- [What is being asked]
The entries below contain pictures. Write out only the lines from the line with "На фотографии можно" up to and including the line with "TOP_KOREA 正韓 毛料細格紋西裝套裝 (3件式)", exactly, without them.

- [Data records]
========

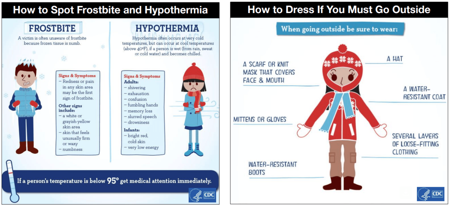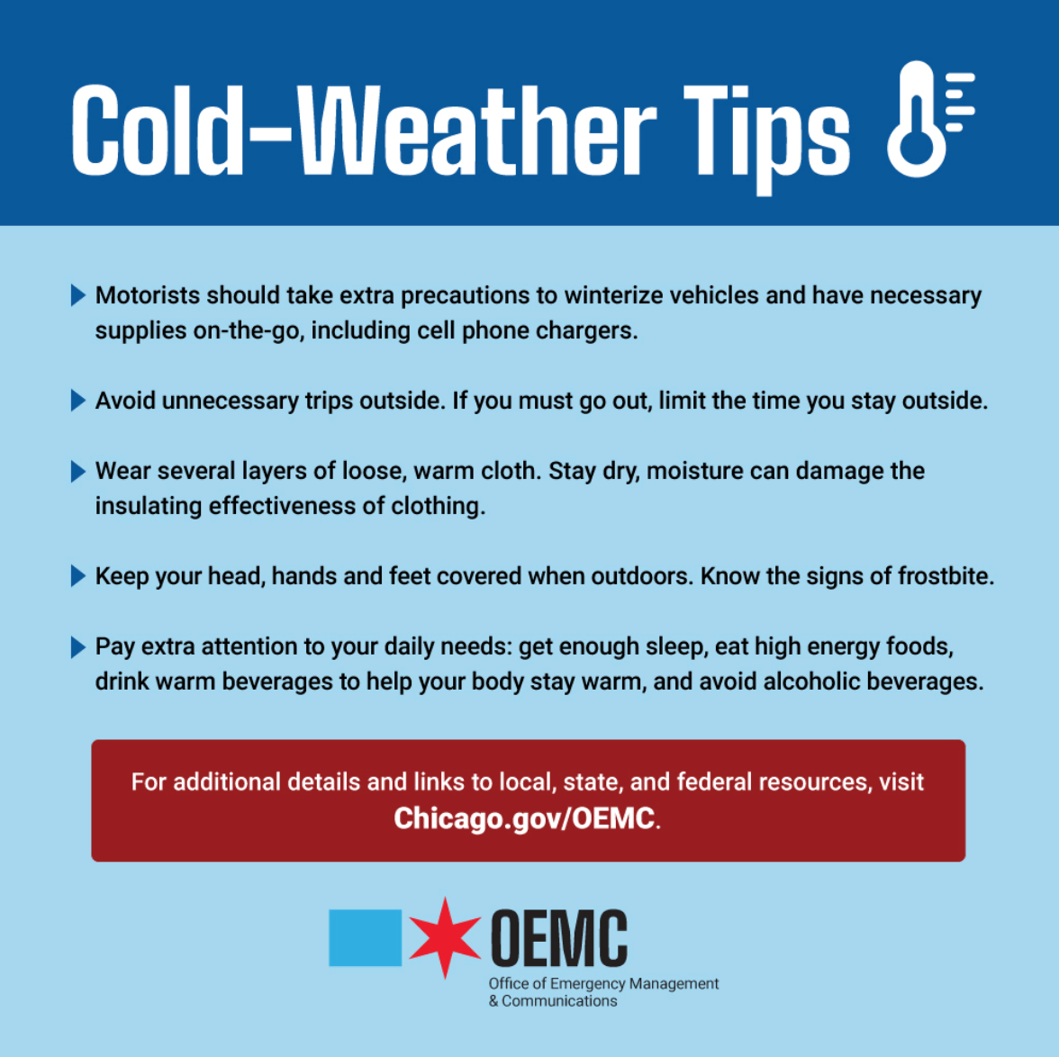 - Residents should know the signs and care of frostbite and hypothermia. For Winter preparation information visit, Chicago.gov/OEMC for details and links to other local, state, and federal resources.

========

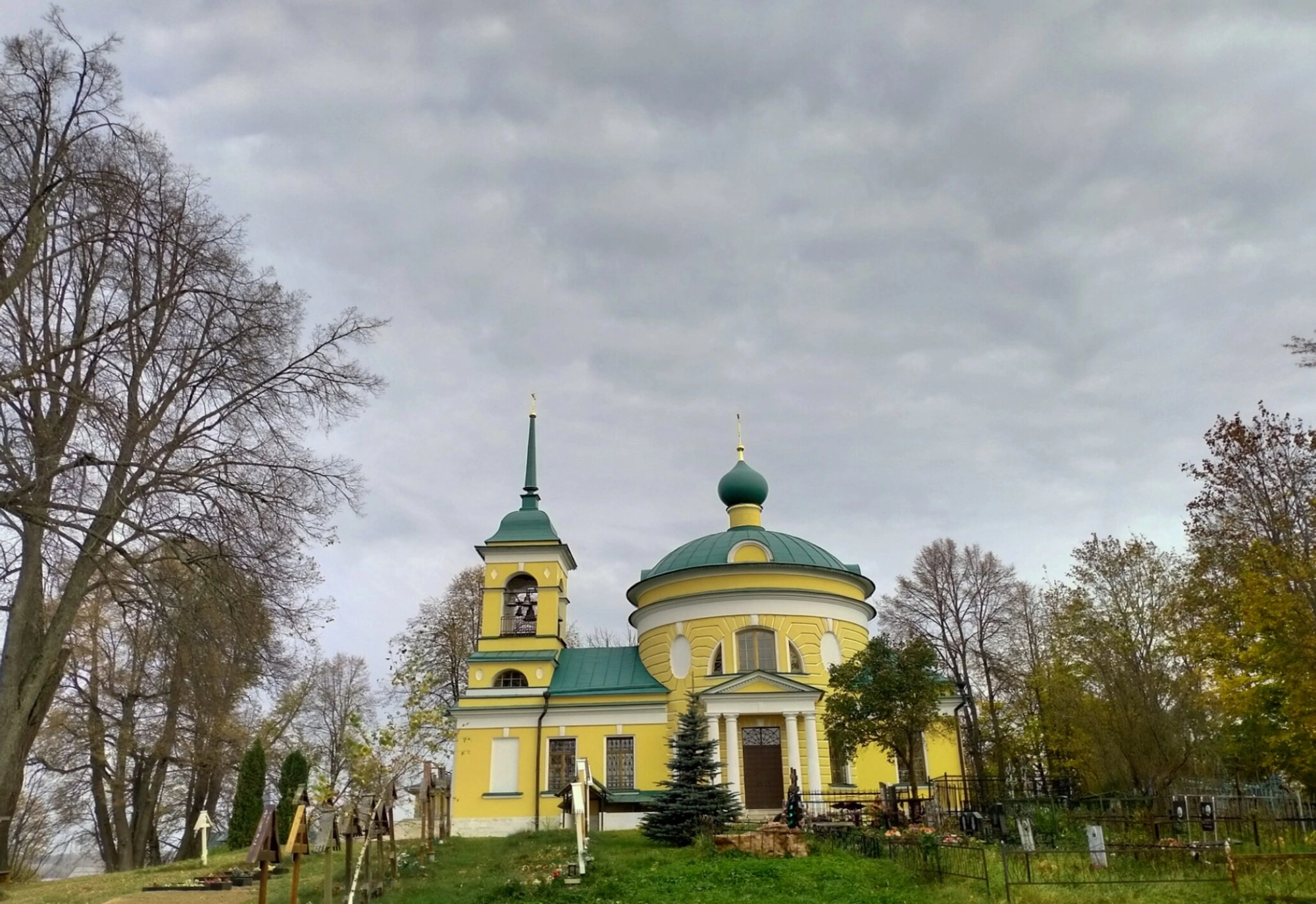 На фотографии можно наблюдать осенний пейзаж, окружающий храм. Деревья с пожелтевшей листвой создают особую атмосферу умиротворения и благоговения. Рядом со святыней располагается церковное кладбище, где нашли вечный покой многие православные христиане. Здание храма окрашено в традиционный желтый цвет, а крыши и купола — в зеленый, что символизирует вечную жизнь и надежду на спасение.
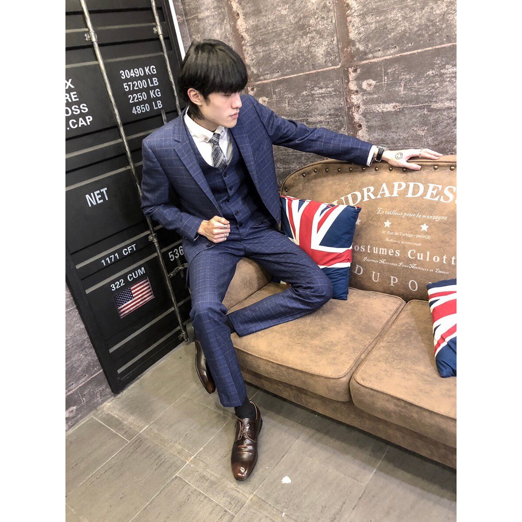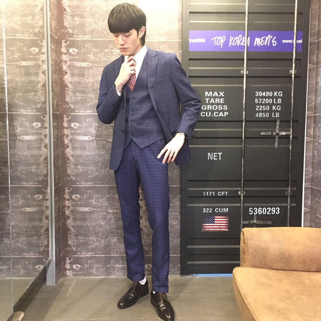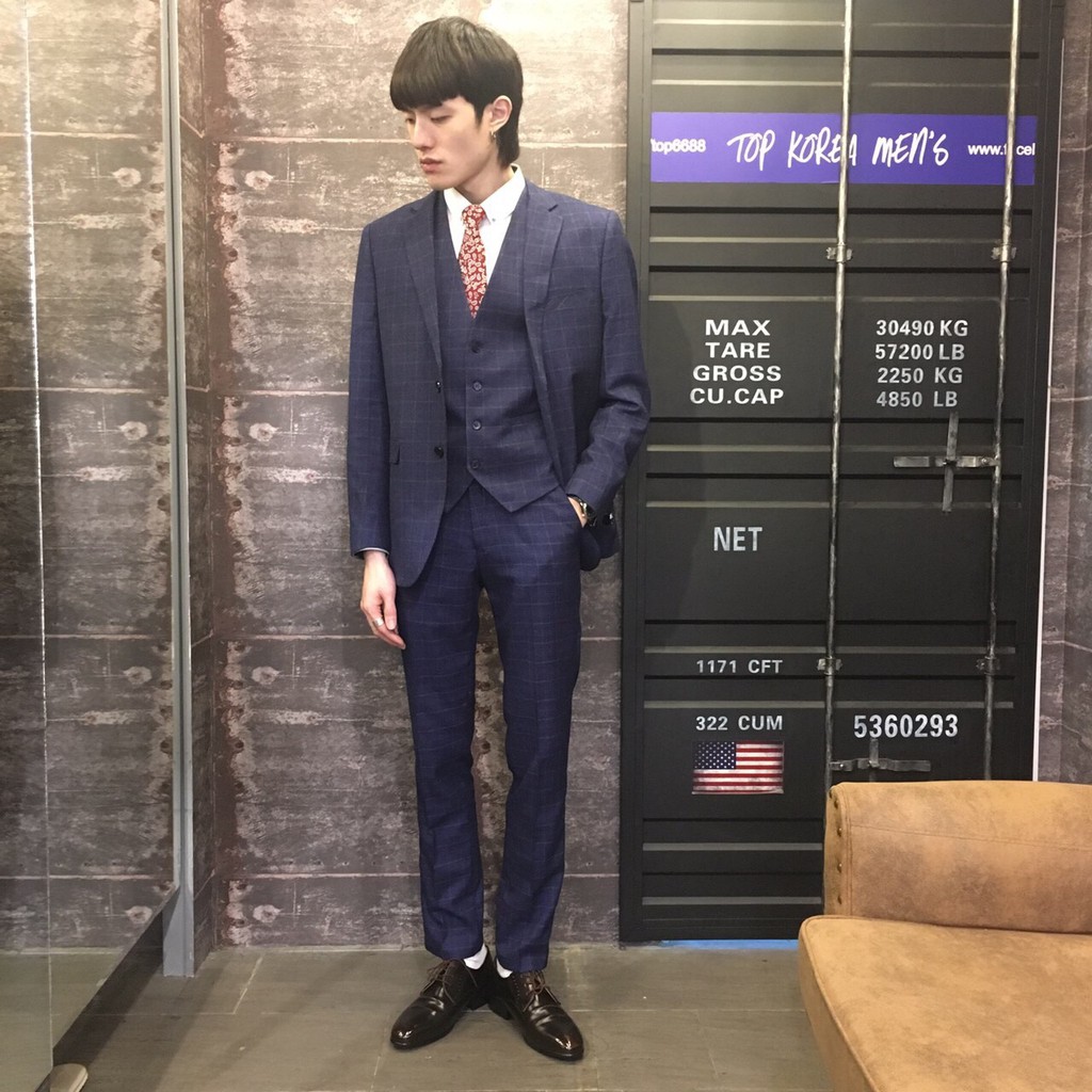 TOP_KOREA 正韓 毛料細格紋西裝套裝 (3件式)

========

- [Exercise solution]
 На фотографии можно наблюдать осенний пейзаж, окружающий храм. Деревья с пожелтевшей листвой создают особую атмосферу умиротворения и благоговения. Рядом со святыней располагается церковное кладбище, где нашли вечный покой многие православные христиане. Здание храма окрашено в традиционный желтый цвет, а крыши и купола — в зеленый, что символизирует вечную жизнь и надежду на спасение.
 TOP_KOREA 正韓 毛料細格紋西裝套裝 (3件式)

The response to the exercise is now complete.